Record set
==============================

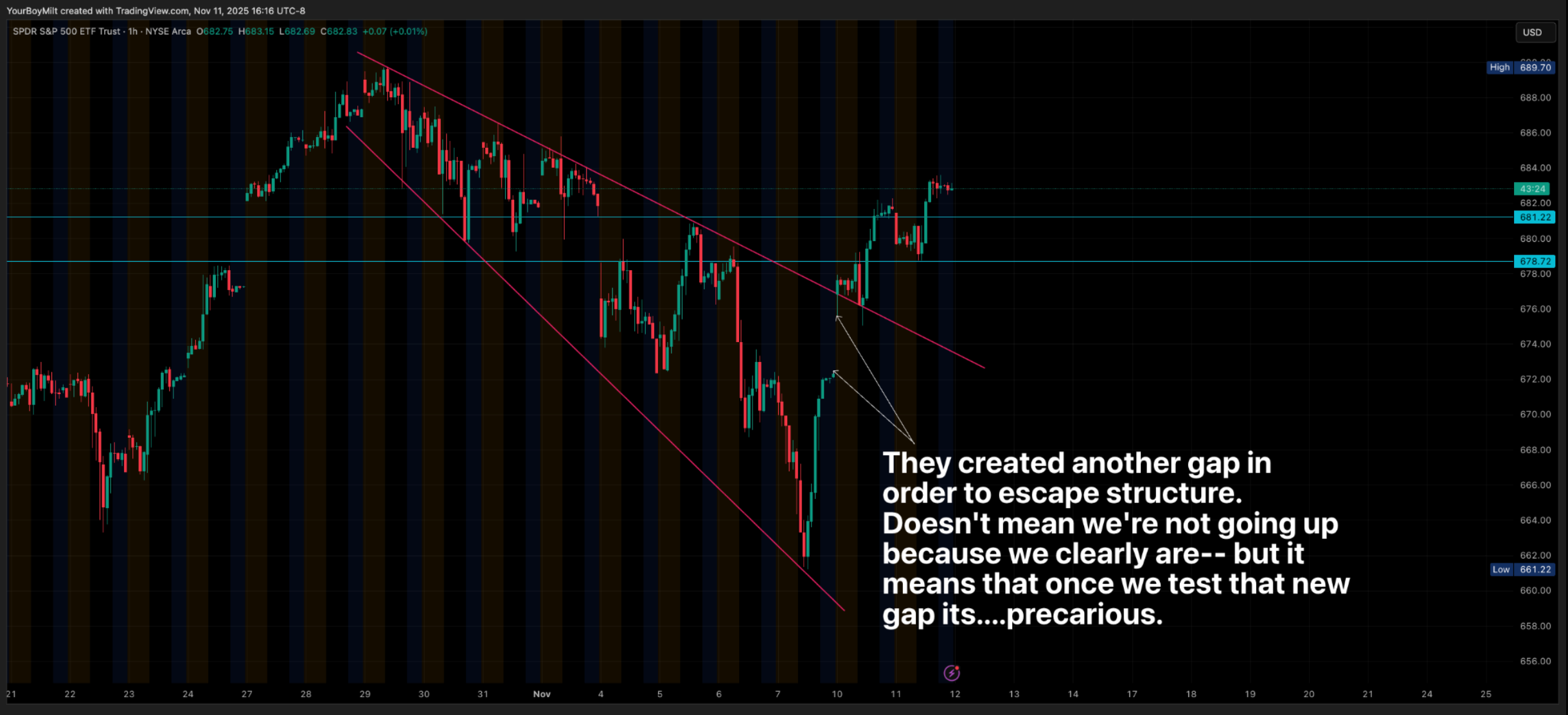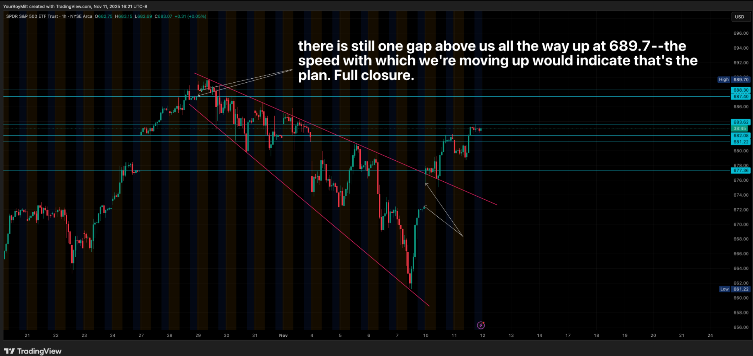 There’s still one potentially untested former gap above at 689.7. The pace of this move suggests they want full closure — a straight run to seal the macro loop. It’s there or the high.
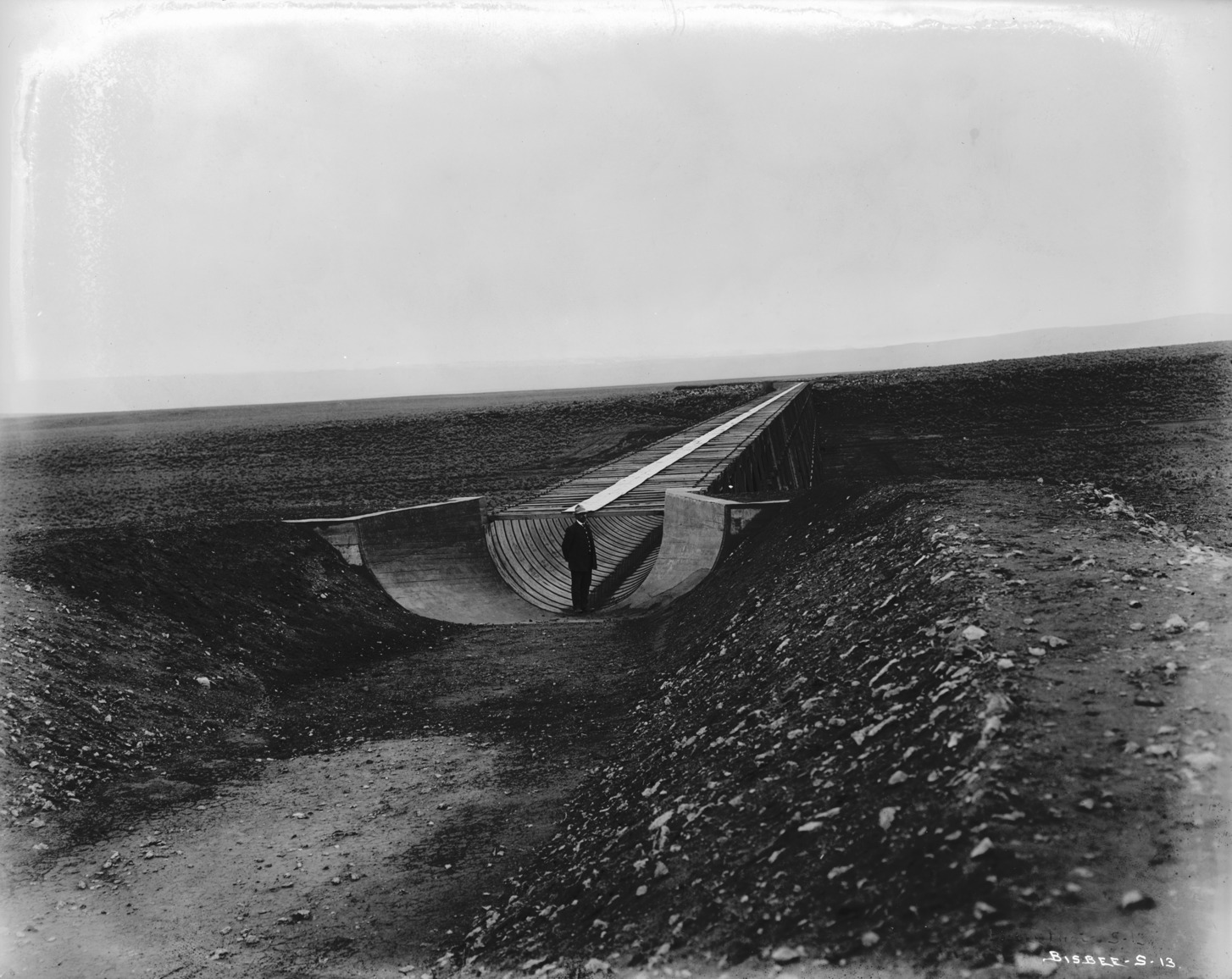 - A man stands in a canal flume, surrounded by a rocky berm.
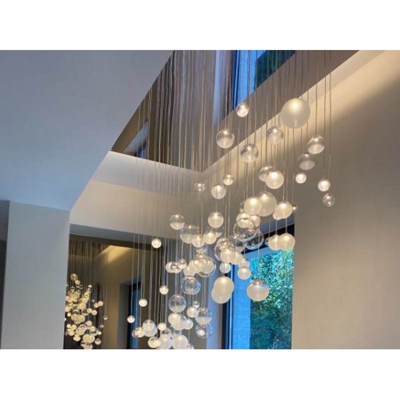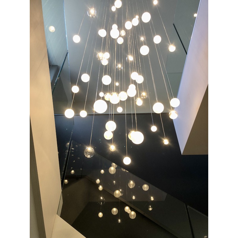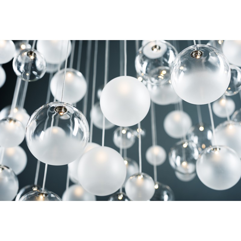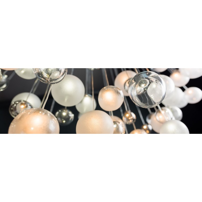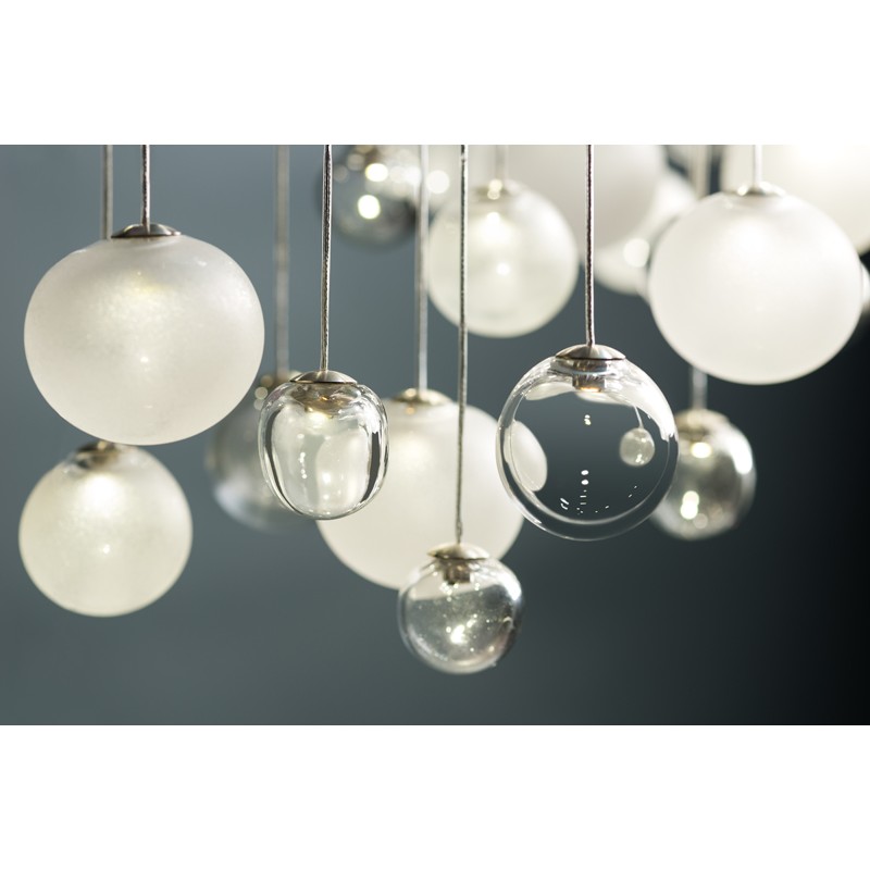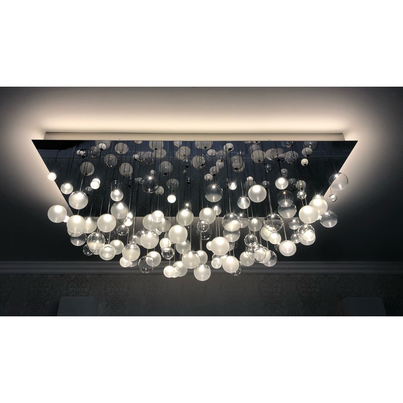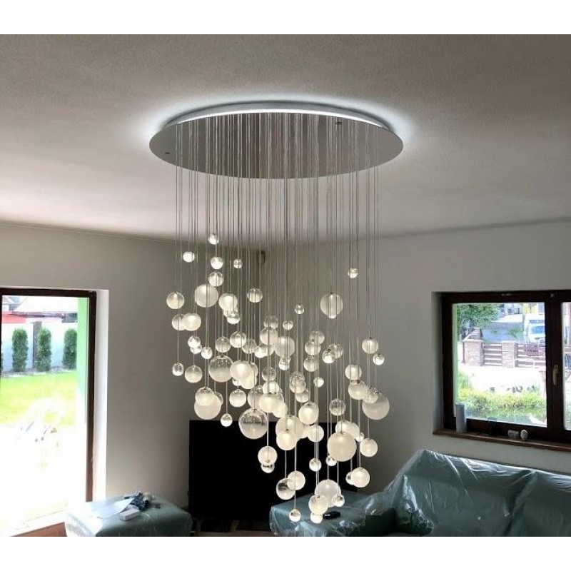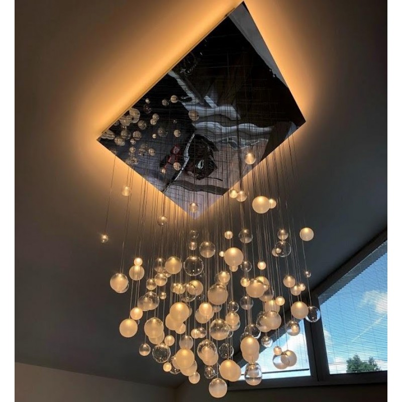 You will certainly appreciate the beauty of individually hand-blown pieces that have been skillfully sandblasted by hand to a variety of patterns. Delicately positioned in a wavelike (or random) pattern and with a mixture of sizes and finishes, these glass pieces will seduce you into the entire lure. Wavelike composition or a randomly placed pieces of individually LED powered pieces, are great to be placed above a dining table, in the living room or in your reception area.
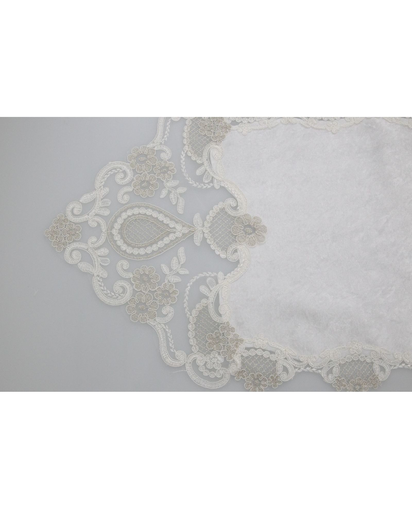 Элегантная салфетка размером 35х140 см в молочном цвете станет изысканным акцентом в оформлении интерьера. Украшенная нежным кружевом, она выглядит роскошно и стильно. Мягкий бархат (100% полиэстер) делает изделие особенно приятным на ощупь. Производство — Турция, что подтверждает высокое качество материала и пошива.
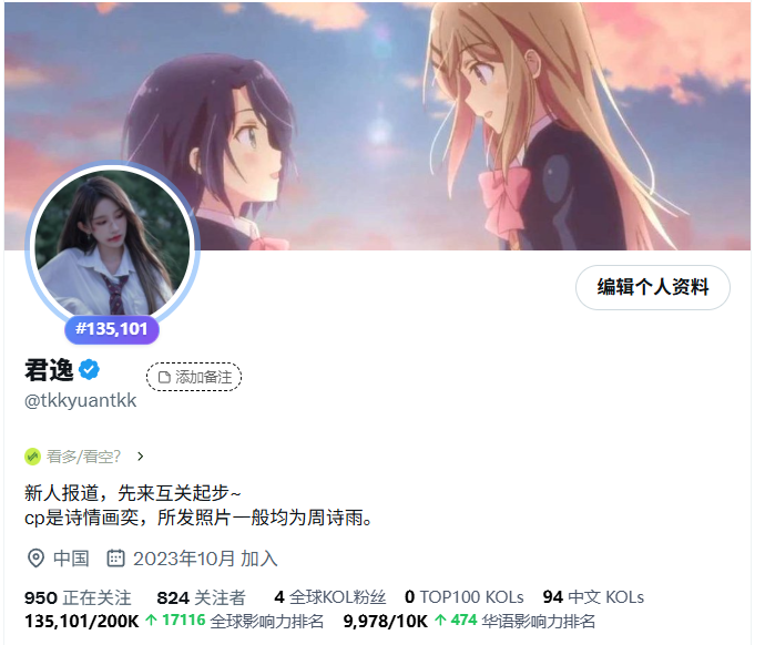 君逸 has tweeted over 5,000 times, showing a strong dedication to active communication and engagement, often reflecting on follower growth patterns and the social dynamics of mutual following.
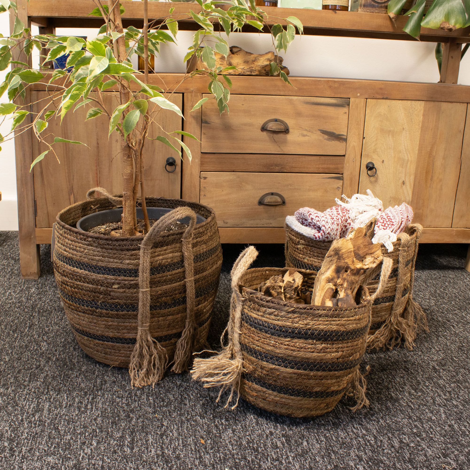 Set de 3 paniers artisanaux en feuille de bananier et jonc de mer, aux tons bruns naturels avec motifs tressés. Un design authentique et chaleureux, parfait pour une ambiance bohème, ethnique ou naturelle en boutique.

==============================

Give the lines again word for word, from the start of the records to the line holding "- A man stands", both included, and leave out any picture.

Solved exercise
 There’s still one potentially untested former gap above at 689.7. The pace of this move suggests they want full closure — a straight run to seal the macro loop. It’s there or the high.
 - A man stands in a canal flume, surrounded by a rocky berm.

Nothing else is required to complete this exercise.